Becoming a Town
Despite a healthy lumber industry that first developed in the 1850s, the Sinclair Inlet, the site of the Sidney did not have a permanent resident until 1885, when Henry Cline moved to Mitchell Point on the Sinclair Inlet with his sister and brother-in-law. In 1886, Frederick Stevens, a relative of the Cline family, platted Sidney after his father, Sidney Merrill Stevens, purchased 88.5 acres for the creation of a town. That year, Cline opened Sidney’s first store. Other families moved to to the town and started businesses of their own, one of the earliest being the Corbett Drugstore. In 1888, Cline secured a post office for the town and served as postmaster.
In addition to a lumber and shingle mill, Port Orchard had two pottery companies: one before incorporation and another shortly after. The pottery works made sewer pipes, terra cotta crockery ware, and provided Seattle with brick for its first paved street. Unfortunately, the pottery building burned down in 1895 along with Sidney’s entire business district.In 1889, Thomas Cline, built the town’s first wharf, which further increased the growth of the town’s population. The wharf met the needs of the growing “Mosquito Fleet,” private steamers that served Puget Sound. The boats were so numerous that they were said to resemble a swarm of mosquitoes. In the 1890s, these ferries were scheduled to depart Sidney for Seattle up to five times a day.
Building Streets and Courting the NavyIn the fall of 1890, after rapid growth during the previous year, the town's population became large enough to petition for incorporation. On September 15, 1890, Sidney was incorporated as a fourth-class town. The first mayor was Ira C. Rockwell. E. M. Taylor served as city clerk. Alfred Larson, D. R. Mackintosh, J. H. Cline, A. W. Robinson, and Thomas R. Kendall served on Sidney’s first council.
The mayor and council sought to address the issue of Sidney’s lack of good streets. Bay Street, the town’s main thoroughfare was “inundated by saltwater” each high tide. Also, two creeks, Pottery Creek and Black Jack Creek, divided the town into three parts that the council hoped to connect by bridges. In order to fund these first public works projects, Sidney officials instituted an annual license fee for the town’s saloons, as well as a poll tax on each adult male resident.

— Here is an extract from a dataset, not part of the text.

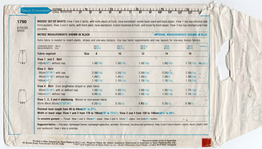 Patrón de costura vintage de los años 70 para faldas plisadas delgadas para mujer, estilo 1790, talla 12, cintura 26,5 pulgadas
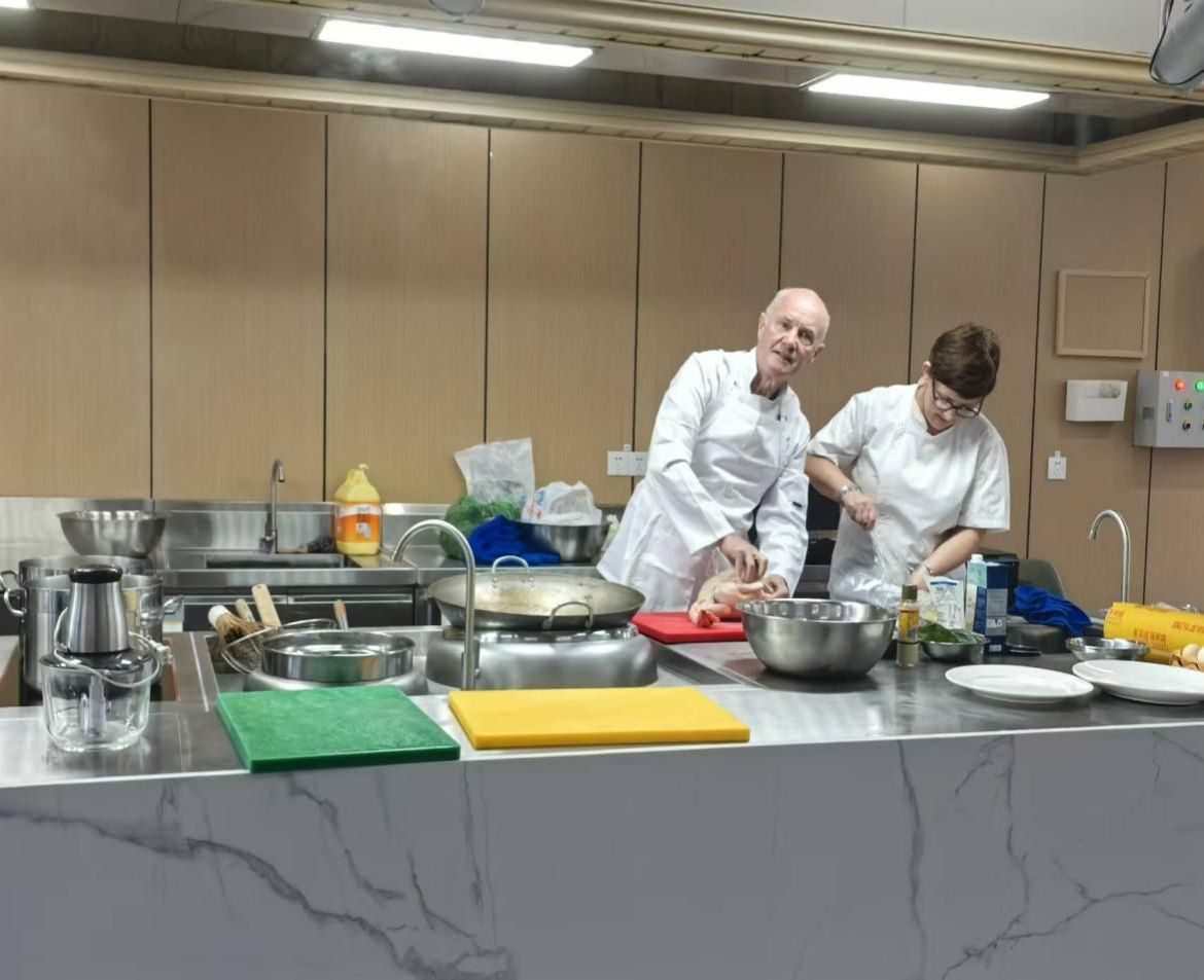 Ms. Jacinta Dalton与Mr. Martin Ruffley携手为2023级的同学们带来了一场关于西式鸡肉特色做法的精彩讲解与展示。他们深入剖析了不同地域、不同文化背景下鸡肉烹饪的多样方法与独特风味,带领同学们领略了全球美食的博大精深。在演示环节,他们细致入微地展示了切割鸡肉的专业技巧,每一步都透露出精湛的厨艺与对食材的尊重。紧接着,Ms. Anne O'Leary则引领2023级的同学们领略不同学术英语的奇妙。她以耐心而细致的讲解,逐一阐述了每一个词汇的深刻含义与实际应用场景,让同学们在轻松愉快的氛围中掌握了这些专业术语。Ms. Anne O'Leary还鼓励同学们在日常学习中积极运用这些词汇,将所学知识融入实践,不断提升自己的烹饪技能与专业素养。这不仅让同学们领略了西式鸡肉烹饪的无穷魅力,更激发了他们对烹饪艺术的浓厚兴趣与探索欲望。

Since the town’s founding, the promise of a Puget Sound Naval Station located one mile across Sinclair Inlet had created a lot of excitement about Sidney. As a result, Sidney residents played an active role in convincing two separate commissions assigned to recommend a site that the Sinclair Inlet was the perfect place for a Naval Station and dry dock. In March 1891, Congress approved the location and appropriated funds. Sidney residents wisely anticipated the opportunities for employment, trade, and population in the naval installation.
Becoming Port Orchard
Three years after its incorporation, Sidney became the new Kitsap County seat. The former county seat, Port Madison, once a thriving mill town, had been virtually deserted when its lumber mills closed. In 1892, Kitsap County voted to move the seat to Sidney, as the town’s residents had donated land and built a two-story courthouse complete with courtroom and fireproof vault.

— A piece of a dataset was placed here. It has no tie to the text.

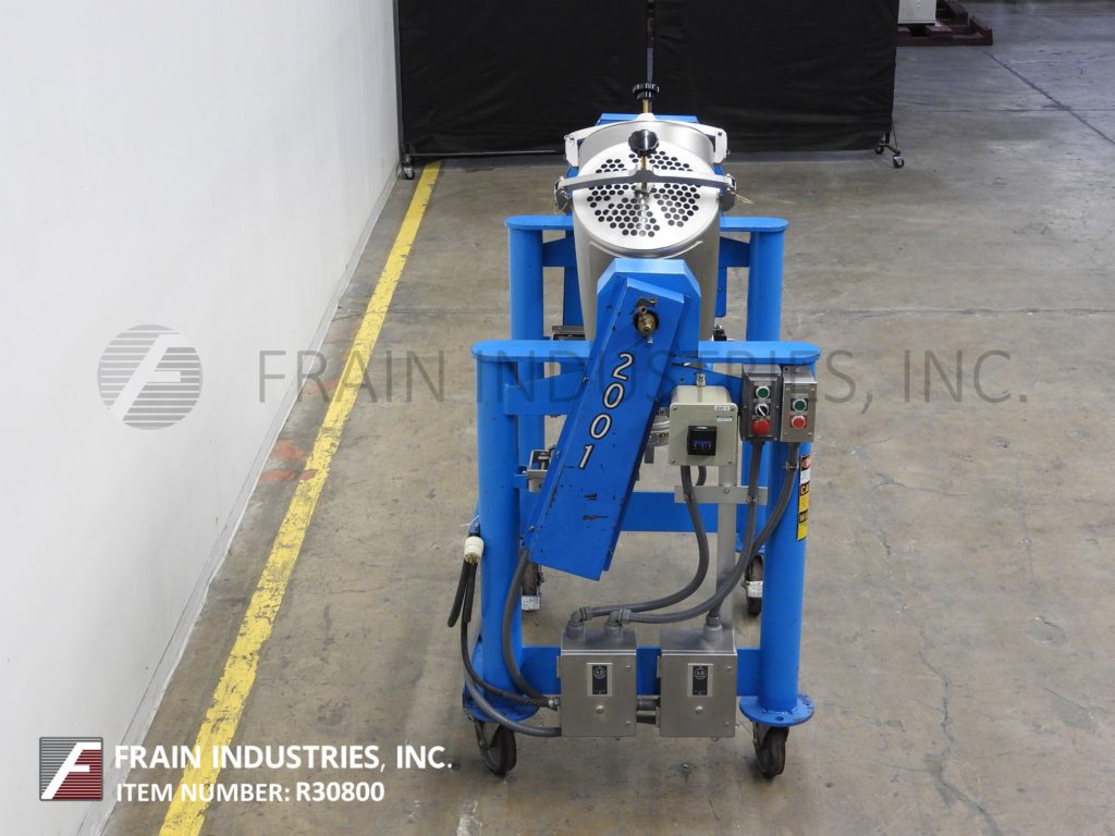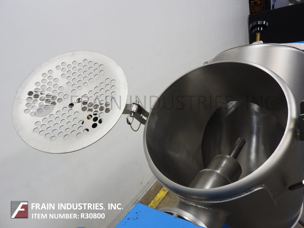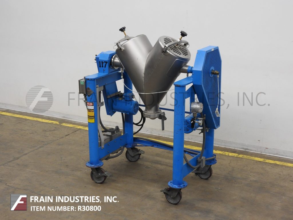 返回所有设备Patterson Kelly 3 Cu Ft,不锈钢双壳搅拌机,每小时额定为60磅,每小时磅产品 - 取决于材料和应用。配备(2)12“ID产品端口,螺栓向下盖,30英寸长边V墙和10”长内V墙,在22英寸中心,带有4“OD底部排放口,带有蝶阀和34”落地间隙。控制箱具有运行/慢跑开关,开始停止和e-stop按钮控件。安装在(4)腿涂上锁定脚轮的底座。

In the same year as the campaign to switch the county seat to Sidney, the town petitioned the Washington State Legislature of 1892-1893 to change its name to Port Orchard, after Port Orchard Bay. However, the town of Charleston (now part of Bremerton) had submitted an earlier petition to the legislature to make its name Port Orchard, so Sidney’s request to change its name was denied. However, the Post Office Department granted a post office name change from Sidney Post Office to Port Orchard Post Office. This may have been the result of a mistake over where to send the U.S. Navy’s mail in Puget Sound. The Post Office Department received a request to rout any Navy mail through “Port Orchard,” which someone understood to mean Sidney rather than the much closer Charleston.

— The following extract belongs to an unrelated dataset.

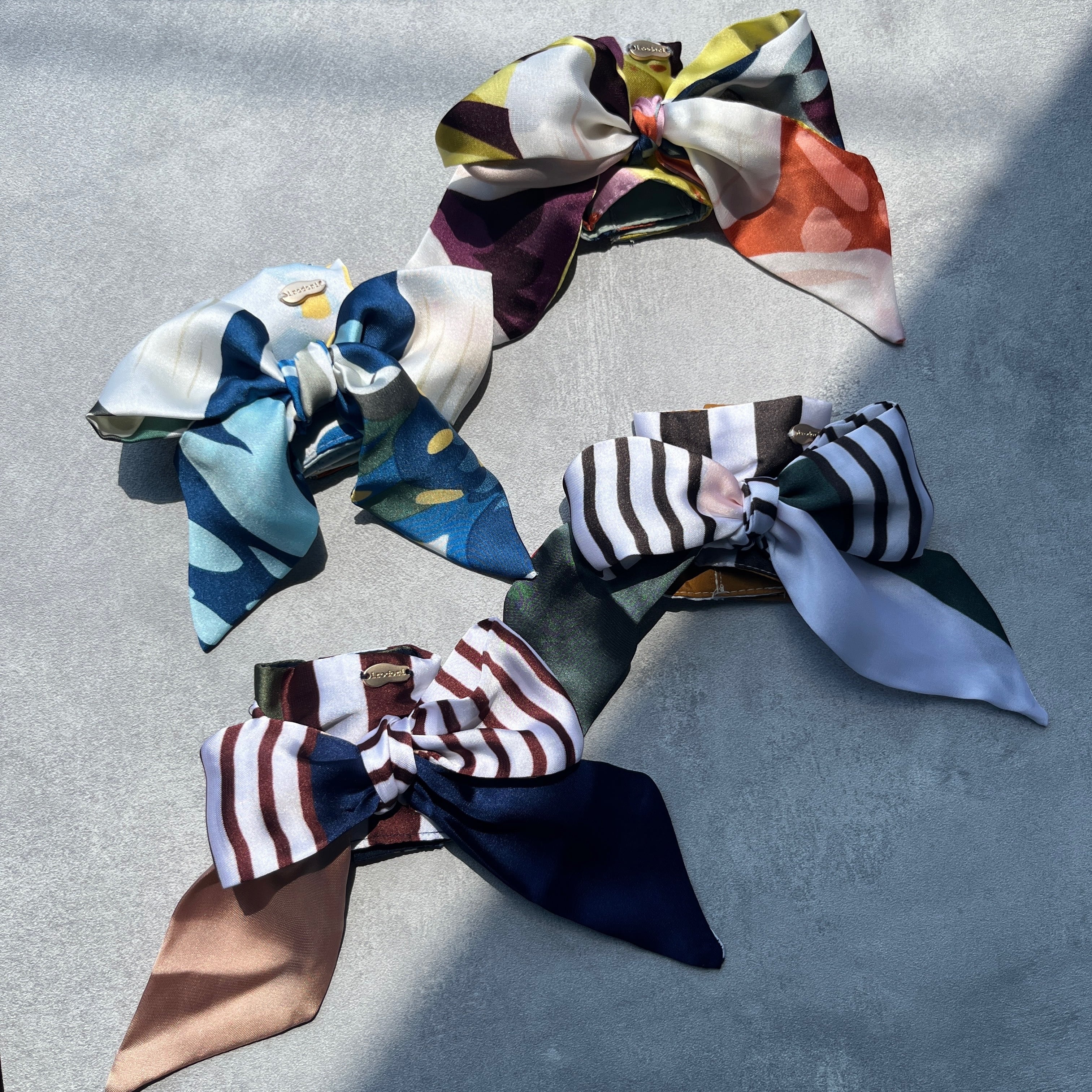 リボンは垂らしたり、片リボン結びにしたり、髪に巻き付けたり。

By the turn of the century, it became clear that Sidney, not Charleston, had become Port Orchard. To end the confusion, Will Thompson, editor of the Sidney Independent, went to the Washington State Legislature of 1902-1903 and convinced them to rename the town Port Orchard City. From then on, the relatively young town of Sidney was known only as Port Orchard and continued to develop and grow into the twentieth century.